# My Fault or not?



## Bob Mariani (Dec 1, 2008)

It is the problem with economy tools. They work fine until using them under more stressful real world workloads. But you can return for full refund. This is why pros will not use such brands. We have no time to return tools after each or during each job. Any good drill will work continuously for 24 hours a day if needed. I would use a 1/2" Milwaukee Hole Hawg when drilling holes for a new electrical rough-in. I turn in on and drill. Stop for lunch and drill until every hole is done. Used the same drill for 22 years now.


----------



## joel v. (Jan 26, 2009)

It is very very unlikely that you got it hot enough to fuse it together. That would be 2000 degrees or more celcuis. Lower end chucks tend to get stuck after extreme use and somethimes even the good chucks do it. I would return it for a refund if under warranty and buy a better drill. If no warranty than stick the end of the chuck in a vice and a vice grip onto the upper of the chuck and get it lose.


----------



## Chemist1961 (Dec 13, 2008)

I would put a vise grip on the shank of the bit and wrap and grab the chuck with something else. Give it a sharp whack with some thing heavy...Unless your bit turned blue from end to end it is likely a chuck issue. Even then heat shouln't be an issue but I have seen overheated concrete bits sieize deep into a chuck on a hammer drill. They come loose with a bit of work.
Just don't chew up the chuck with a vise grip, wrap it before you grip it. Try a bit of penetrating spray inside and around the chuck and on the threads where it loosens. My old Jacobs chucks tighten up from time to time with grit and need cleaning but I'm talking about standard chucks like on my Porter Cable RA drill etc, which like Bob's Hole Hawg has been in use for over 12 years and done thousands of large holes 2" plus. If you replace the kit look for differeent quality chucks. If you use your drill a lot get the best you can buy.
As for sears, MAYBE YOU SHOULD HAVE OFFERED TO CUT THE CORD OFF YOUR CHARGER AND SEND IT TO HER?????????????:whistling2:


----------



## Highlander (Mar 2, 2009)

You didn't fuse the bit to the chuck. I suspect you worked the drill hard, and on a couple of occasions the bit got stuck in while drilling. This can cause the chuck to clamp down on the bit and tighten even more. Having a relatively high torque capability in the drill just makes it possible to tighten it even more.

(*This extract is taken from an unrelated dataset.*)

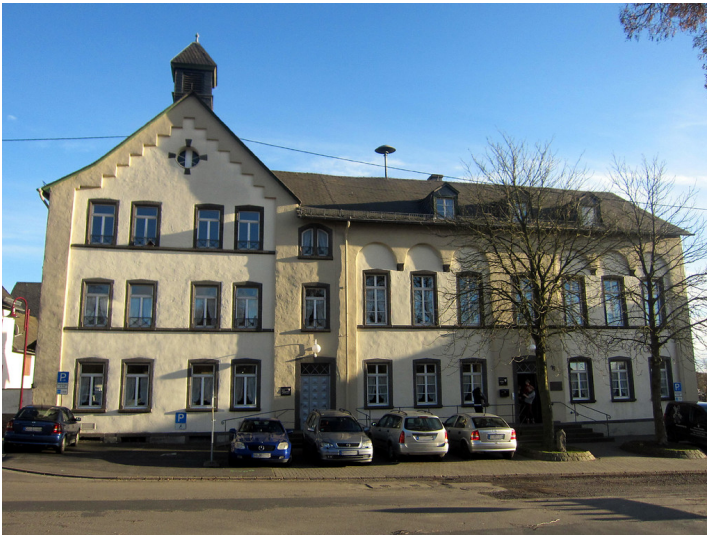
Alte Schule in Kaisersesch (2012).

You could put it in a vise, but I would be inclined to use a strap wrench, to get a grip all around the ring instead of just two places, to loosen it. 

Put enough turning force on it, and it should open up.

I don't think there is anything wrong with your drill. Hopefully you will just be able to take your $216, and buy a replacement battery for $90 and pocket the rest.


----------



## Highlander (Mar 2, 2009)

An additional thought. If you find the chuck is really damaged, you could always buy a replacement chuck. You should be able to find a pretty good one for around $25; probably better than the one that is on the drill now.

Removing the old one from the drill will be the hardest part if you can't get the bit out.

If you do replace the chuck, do not buy the new one until you have removed the old one. It most likely has a half inch thread on the mount bolt, but some of the half-inch chucks have 3/8" threads on the mount bolts.


----------



## hankscorpio (Feb 10, 2009)

Hey Guys,

Thank you for all your advice. My face is definitely red. I wrapped the chuck in a towel and stuck it in the vice. Turned the drill handle itself and it loosened right up. So now my concern is if the chuck is damaged or not. It seems to be working ok (i can put and secure bits in) but I'm wondering if with use it will loosen up. I dont know how to describe it but it does feel different to me. 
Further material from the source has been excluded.